Donato and I set out yesterday with a mission: follow the water from its source in the mountains all the way down to the coastal deserts, and see what happens to it along the way.
The deserts of Peru are unbelievable – and unbelievably vast. When I make the Circle movie or any other post-apocalyptic romp, I’m definitely coming back here. Our road took us along the rocky river canyon, punching through the mountains in long, jagged tunnels, through clouds of choking dust and into the yellow wastes beyond.
The riverbed was a tiny ribbon of green in an immensity of sand and rock. Villages sprouted up here and there, along with huge construction projects, dams, and irrigation infrastructure. Fields of green crops lay in stark alien contrast to the dead landscape, where the occasional cactus was the only other living thing to be seen.
As we continued, the villages began to disappear. Bald mountains reared in the distance, bare slopes drowning into a pale blue haze.
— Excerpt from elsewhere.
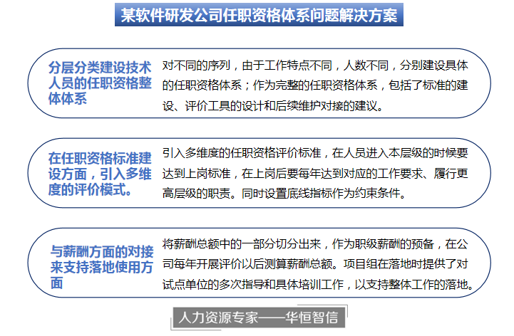 在公司数十年的发展过程中,重在向外开拓市场、对内建立技术实力,在管理方面相对重视不足,在技术人员的管理、激励方面相对粗放。在过去的发展过程中,凭借着运营和技术方面的优势,公司得以快速发展。近年来随着市场竞争逐步激烈,以及内部员工的更新换代,公司在管理方面的问题阻碍了进一步发展。这些问题体现在老员工躺在功劳簿上、新员工看不到发展前景、人才逐渐流失、员工积极性下降等各个方面。该公司经过内部调查,决定借助专业第三方的力量,针对技术团队开展管理改革,以任职资格为切入点进行管理精细化改善。经过多轮选择和竞标,该公司选择了常年从事人力资源咨询的专业公司华恒智信作为合作单位。
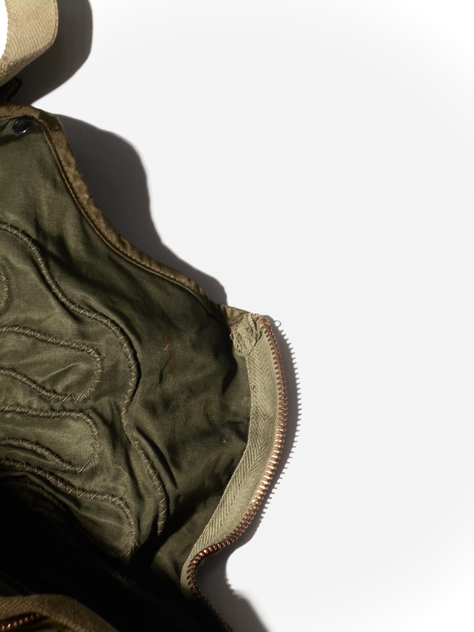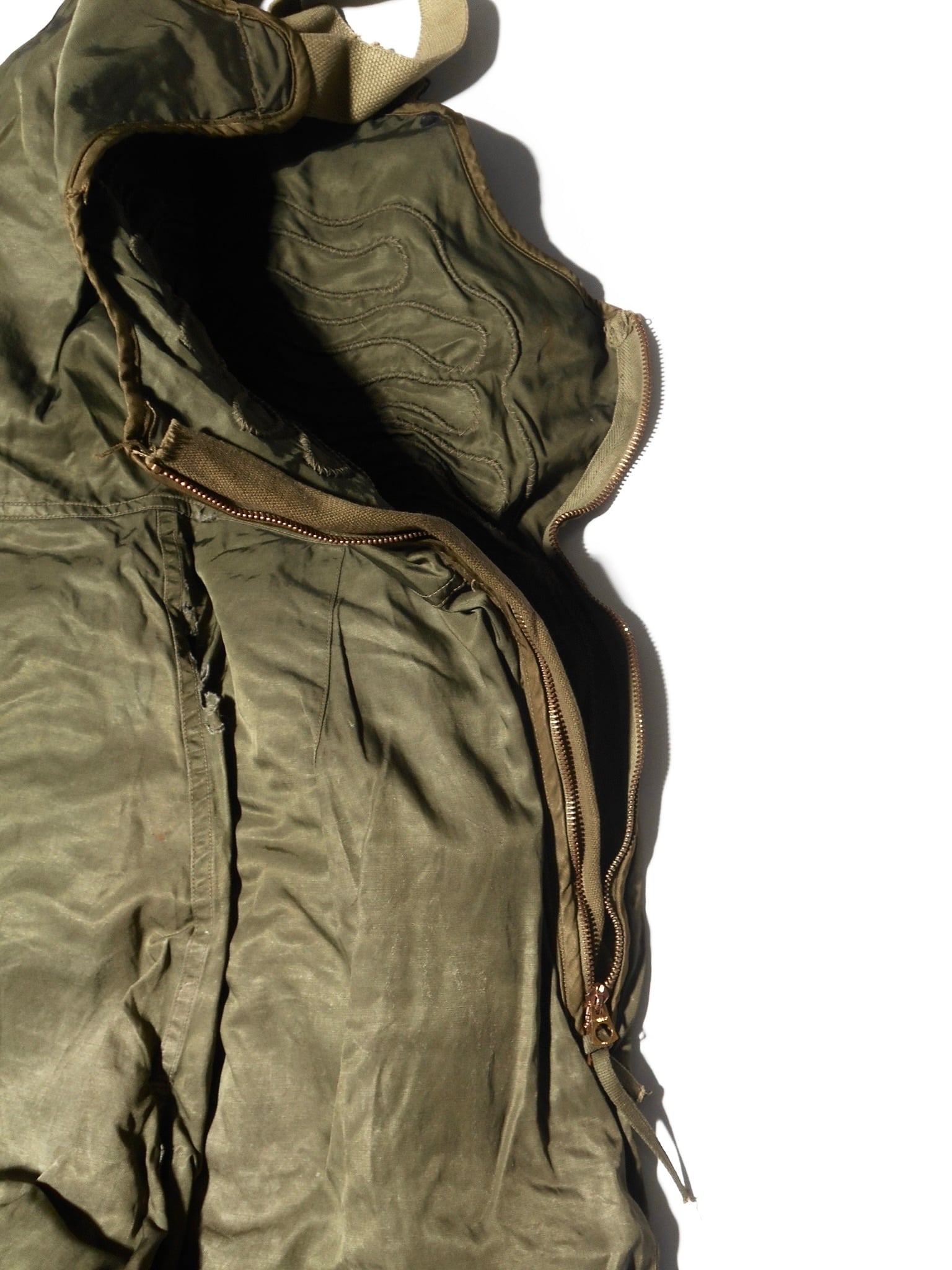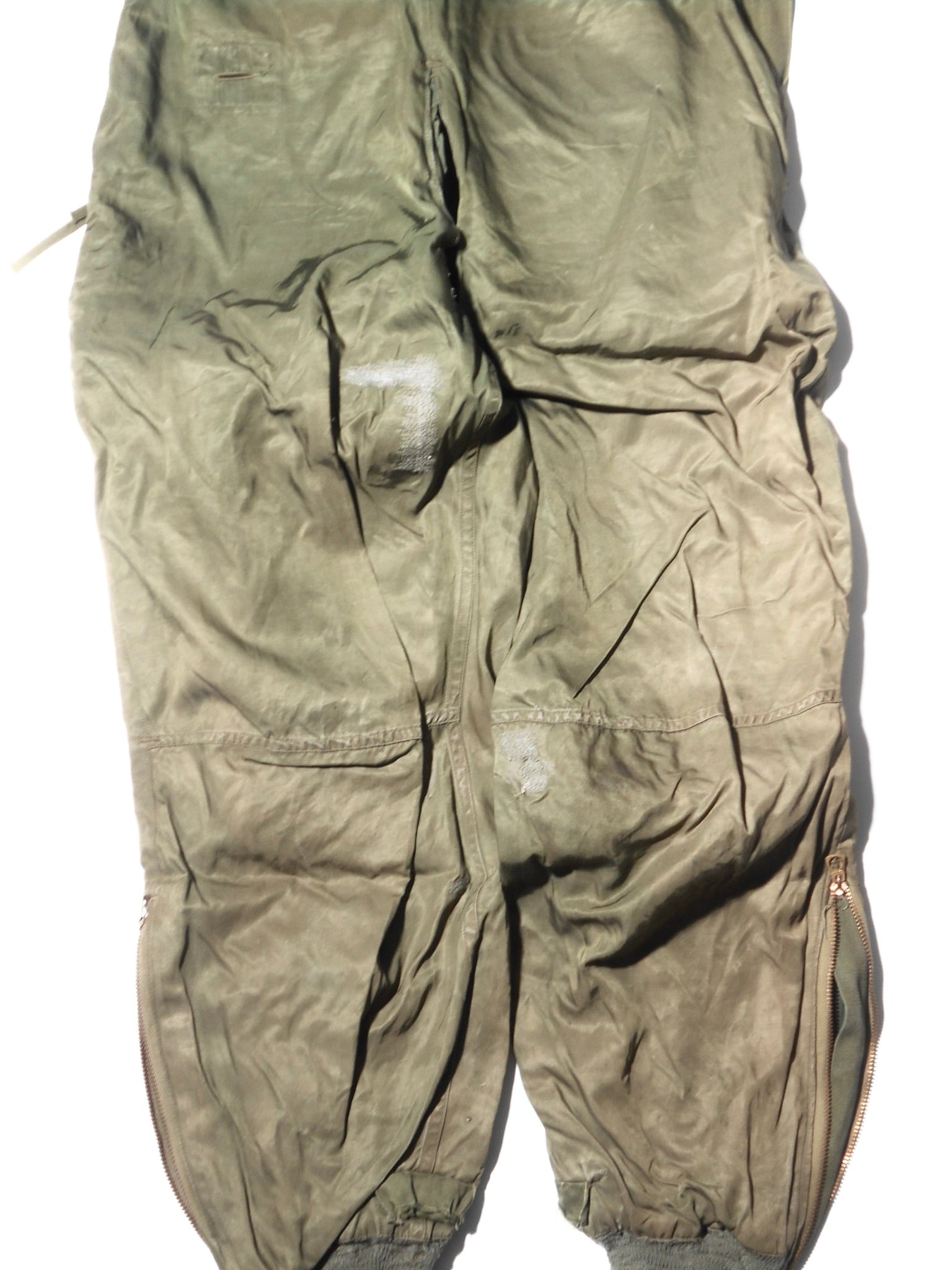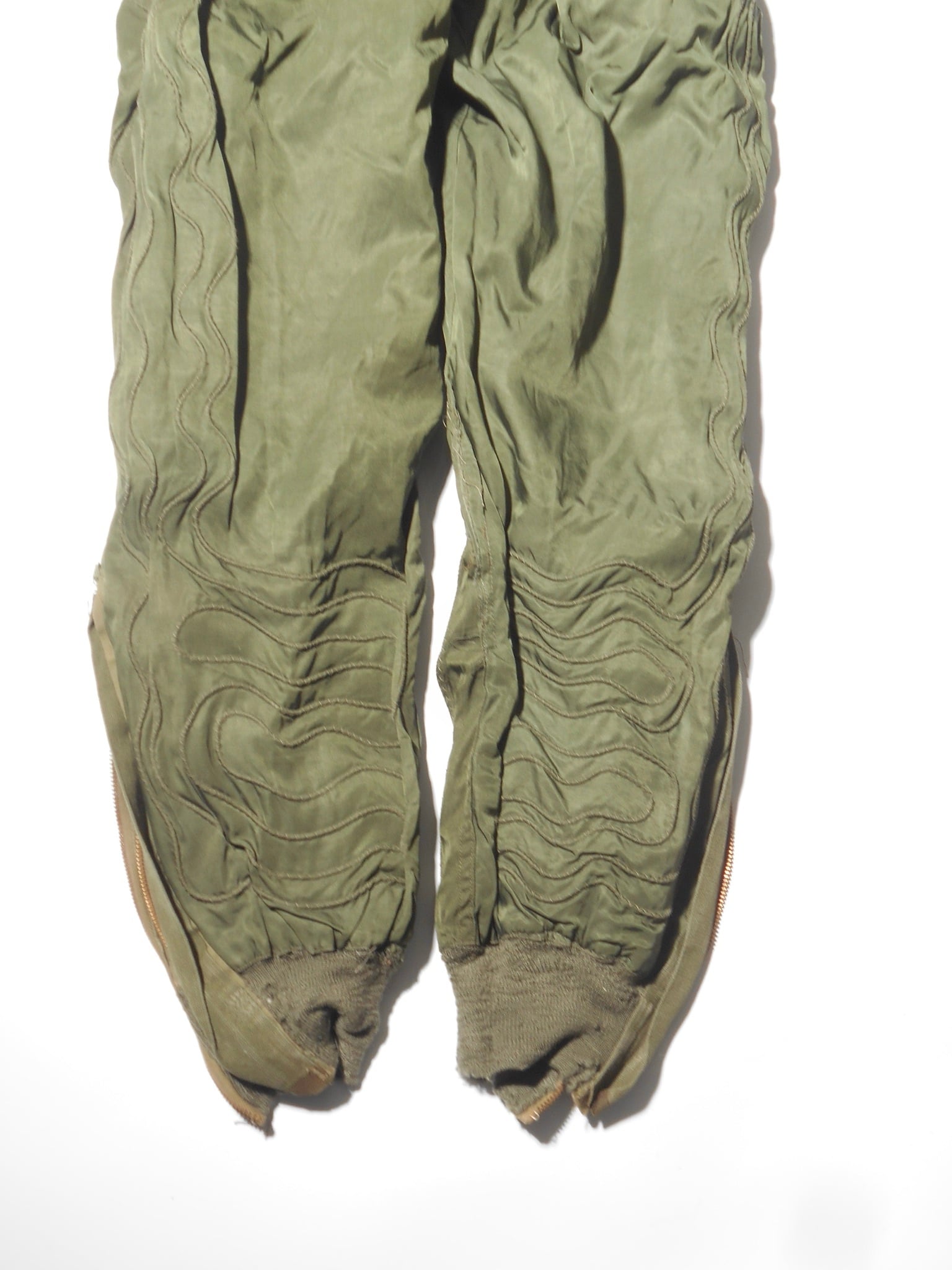 電熱グローブ等との接続プラグや配線用タブといった精密な設計は、General Electricの技術力の象徴です。インナー用の無駄のないシルエットは現代でも高く評価されています。安全のために電熱線が抜かれた個体であっても、そのステッチ跡や素材感からは、当時の最先端技術で空の戦いに挑んだ歴史の断片を感じ取ることができます。

For hours we drove through haunted adobe ruins – whole towns abandoned to dust, thatch roofs long disintegrated into the merciless sun. Huge castle-like structures of red stone, the purpose of which I could only guess, stood windblown and empty beside long-dead fields.
Passing through a security checkpoint, we explored the massive canal system bringing water from the high places to the low. The water rippled slow and colorless beneath the dust-choked sky.
It wasn’t until the second day that we finally neared the coast and saw the results of all of the damming, channeling, and rerouting of the water for agriculture. The massive river we’d started following far up in the mountain canyons was reduced to a trickling puddle, barely deep enough to flow.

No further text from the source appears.